EXERCISE DESCRIPTION
Transcribe the lines below verbatim, skipping the images.

INPUT DATA
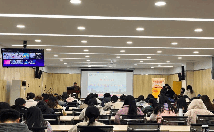 宣讲人何清围绕译国译民集团的发展概况、公益实习、校企合作、图书翻译、企业文化、校招岗位等多个方面展开风趣幽默的介绍。
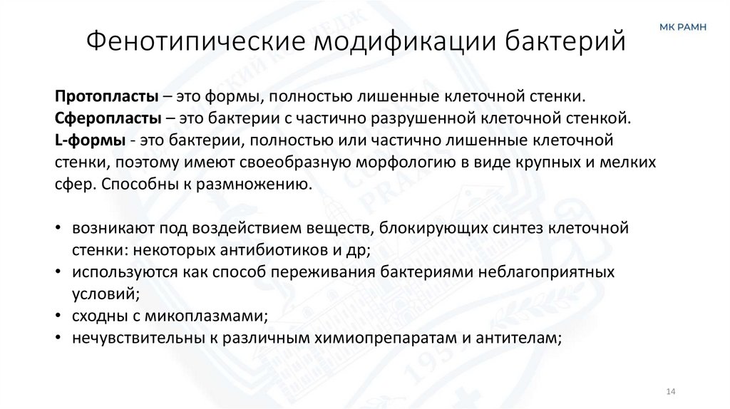 Фенотипические модификации бактерийПротопласты – это формы, полностью лишенные клеточной стенки.
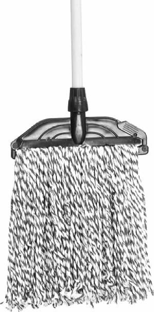 拖布(见图2-4)也称为拖把,是将布条或棉纱安装在手柄上制成的用于室内地面清洗的手工工具。拖布的形状有圆头形和扁平形两种。圆头形是将布条或棉纱绑扎在木、竹或塑料柄把上制成的,其头呈圆状;扁平形是在柄把上安装一扁平塑料或金属夹,用来固定布条或棉纱,其头呈扁平状。
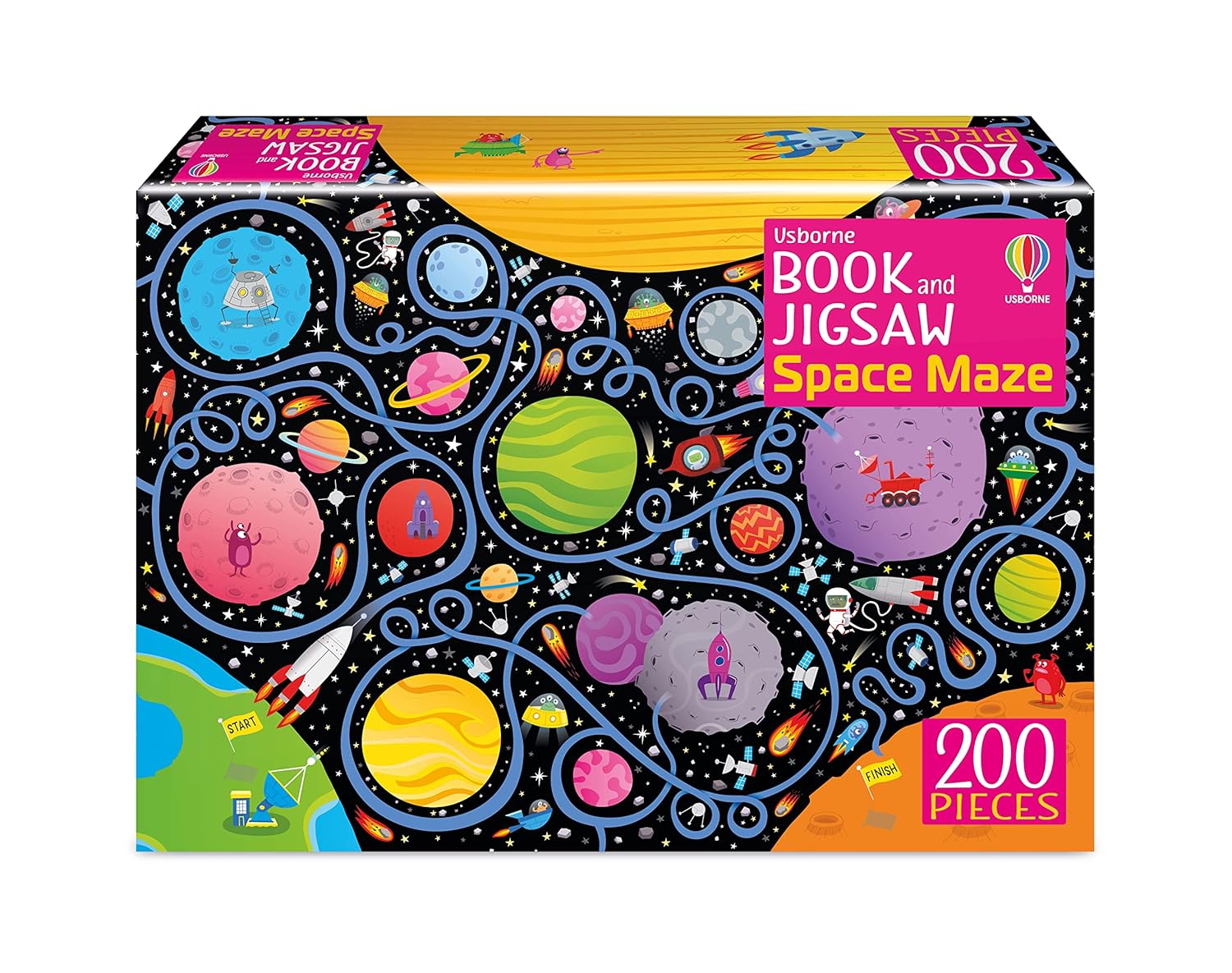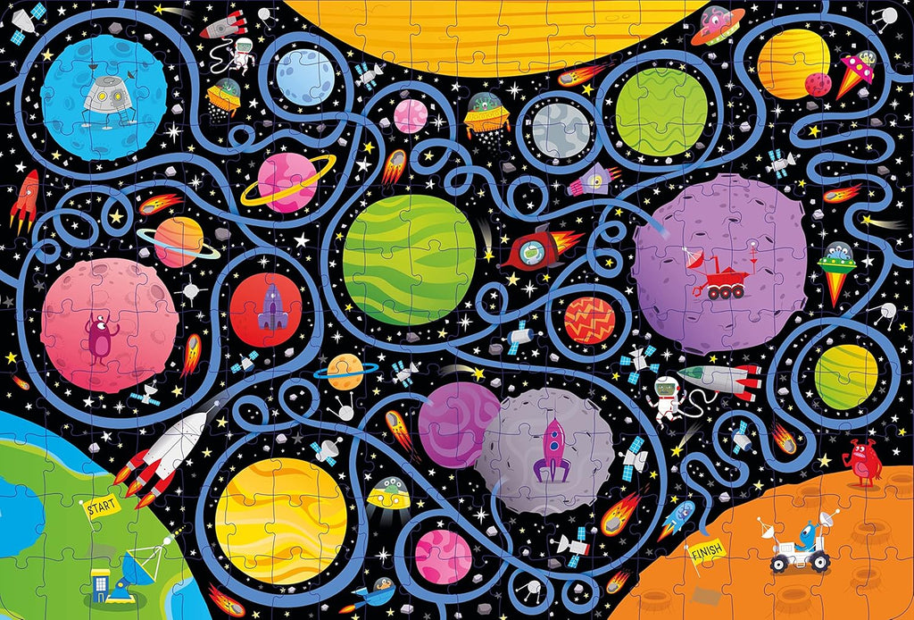 The Book & Jigsaw - Space Maze set combines a beautifully illustrated space-themed jigsaw puzzle with an engaging maze challenge once completed.

ANSWER SPACE
 宣讲人何清围绕译国译民集团的发展概况、公益实习、校企合作、图书翻译、企业文化、校招岗位等多个方面展开风趣幽默的介绍。
 Фенотипические модификации бактерийПротопласты – это формы, полностью лишенные клеточной стенки.
 拖布(见图2-4)也称为拖把,是将布条或棉纱安装在手柄上制成的用于室内地面清洗的手工工具。拖布的形状有圆头形和扁平形两种。圆头形是将布条或棉纱绑扎在木、竹或塑料柄把上制成的,其头呈圆状;扁平形是在柄把上安装一扁平塑料或金属夹,用来固定布条或棉纱,其头呈扁平状。
 The Book & Jigsaw - Space Maze set combines a beautifully illustrated space-themed jigsaw puzzle with an engaging maze challenge once completed.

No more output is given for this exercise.